Nadia shook her head, sending honey-colored curls flying. “Dis!” She lunged for a purple outfit Aunt Elena had bought her and Kara laughed.

“Okay.” Kara took the hanger off the rod and carefully put Nadia on the changing table, peeled off her pajamas and soggy diaper, and started another chorus of
Sweet Caroline.

“Bah, bah, bah!” Nadia picked up her favorite part, kicking and clapping her hands.

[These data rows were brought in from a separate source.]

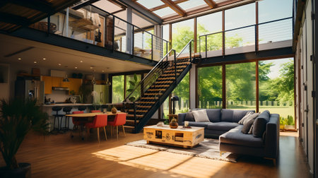 A bright and spacious modern living room features a skylight, a large sectional sofa, a cozy armchair, an industrial style kitchen with a large counter, and an open layout enhancing connectivity. AI generated image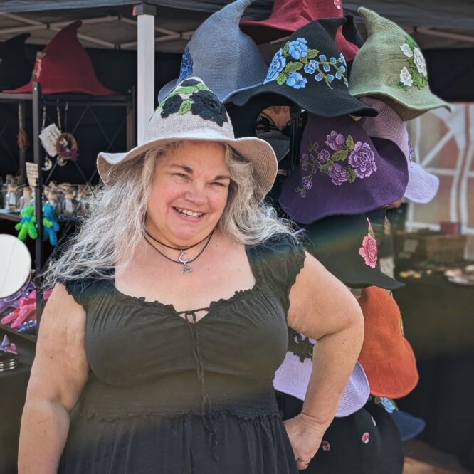 Salem Yule Marketplace Vendor WitchCraftHaven WitchCraftHaven handcrafts unique witchy items for others. They handcraft positive poppets, embroidered hats, wands, bells,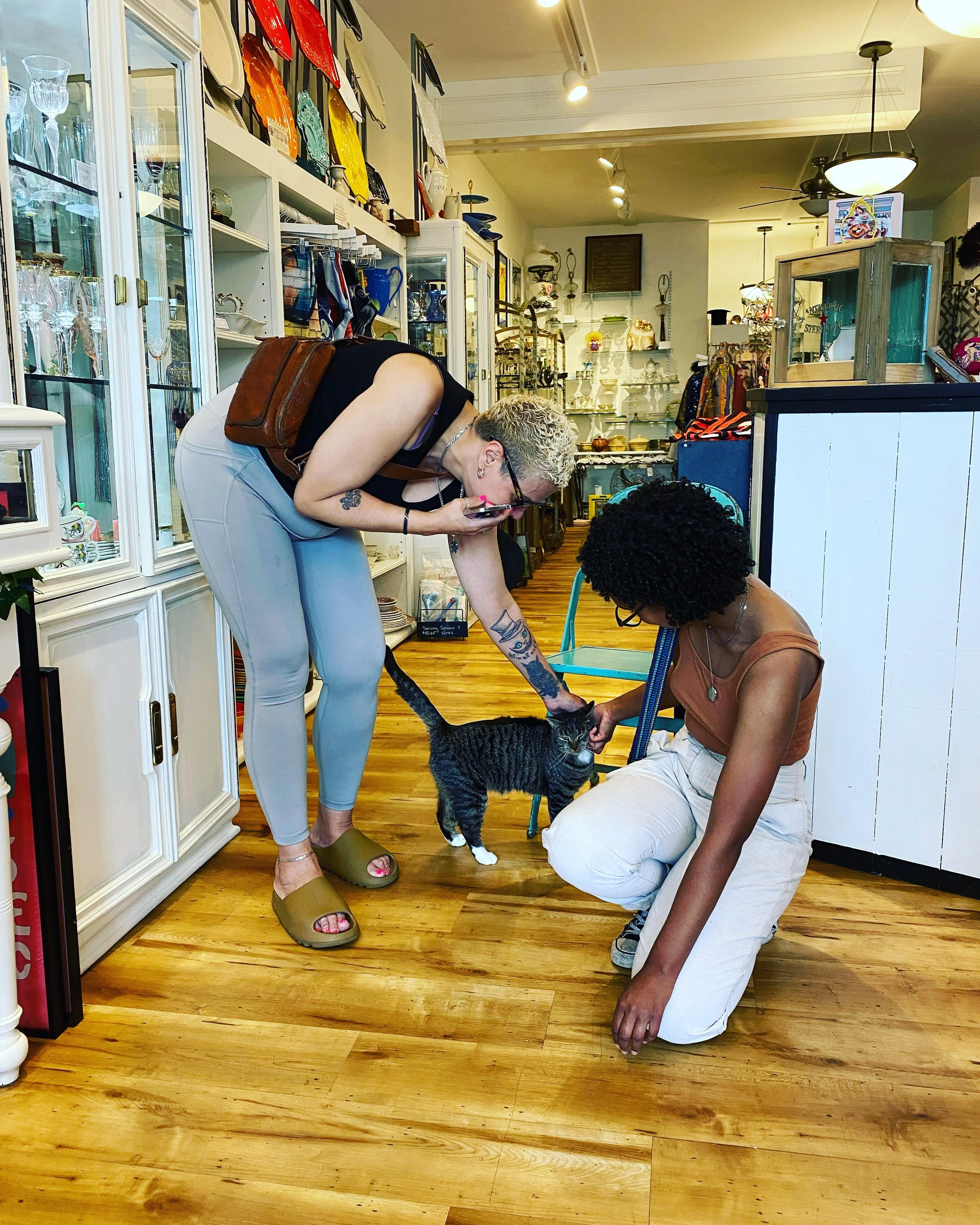 2 years ago a friend of mine texted me asking if I wanted a kitten. He had been hiking in South Carolina with his puppy and they had found this kitten that had been dumped and was sick and needed a home. When he texted me the photo of her little face I couldn’t say no. That’s how Alice arrived to us. After a month of healing she turned out to be a wonderful little girl and has grown up coming back-and-forth to the store with me. Alice has her own Instagram page and a huge fan club in Eastampton Massachusetts.

“Good morning!” Beth’s voice greeted them from the other side of the gate.

“Hi, Beth.”

“Beh!”

“Hi, Nadia.” Beth’s smile widened and gave Kara a sense of relief. Beth Chapman had come to them via recommendation from the previous nanny. A tall thin woman in her early twenties, Beth was attending college at night—studying child psychology, which was certainly a plus in Kara’s eyes—and not currently dating anybody, which was another plus. Beth stepped over the gate, pulling her long dark hair into a ponytail elastic. “Bad night?” She asked Kara.

“Up a few times, but I don’t know why. No fever, no signs of a new tooth.”

“No rash?”

“Nothing.”

“I’ll call you if I spy any symptoms.”

Kara smiled, comforted. She tugged the purple capris pants over Nadia’s diaper, the bright pink top that matched over her daughter’s head. “Ooo, pretty Nadia.”

The baby clapped her hands.

Kara grabbed the baby brush and tried to tame her daughter’s curls, but Nadia’s hair wasn’t quite long enough to pull up into elastics. The best she could do was fasten a Velcro clip in it to keep a curl from blocking her bright blue eyes.

“Has she eaten?”

Kara winced. “She had a cup of milk when we woke up, but I haven’t had time for food.”

Beth nodded and held out her arms. “Okay. How about scrambled eggs?” The suggestion seemed to please Nadia, who let out an eardrum-shattering scream.

While Beth took Nadia to the apartment’s galley kitchen, Kara hurried around the apartment, tossing all the toys back in their toy box, disposing of the dirty diaper, and gathering her laptop and files. She grabbed her phone from its charging station and hastily checked her schedule.

“Okay, today’s a light day,” she began as Beth fastened Nadia into her high chair and spread some Cheerios on the tray. “CPR class at the fire station, then I’ll head to the office for two client meetings this afternoon. I’ll be home by four.”

“Oh, right,” Beth grinned. “Hot firefighters. Maybe one will get your temperature up?” With one hand, she cracked eggs into a bowl and beat them with a fork.

Kara rolled her eyes. “Yeah, right.” Like she had time for guys and dating and all the messy emotions that went along with that.

“Gah!” Nadia pounded her tray, sent Cheerios flying. Beth swirled butter into a frying pan while Kara picked up the cereal. When she tossed the handful of oats into the trash and caught sight of the oven clock, she calculated she’d have just enough time to stop for coffee and still make it to the fire station in time for class if she left this minute.

“Ma!” Nadia held up both arms and Kara melted. She leaned in for one of her daughter’s sticky kisses and tight hugs and shut her eyes. She would go without coffee.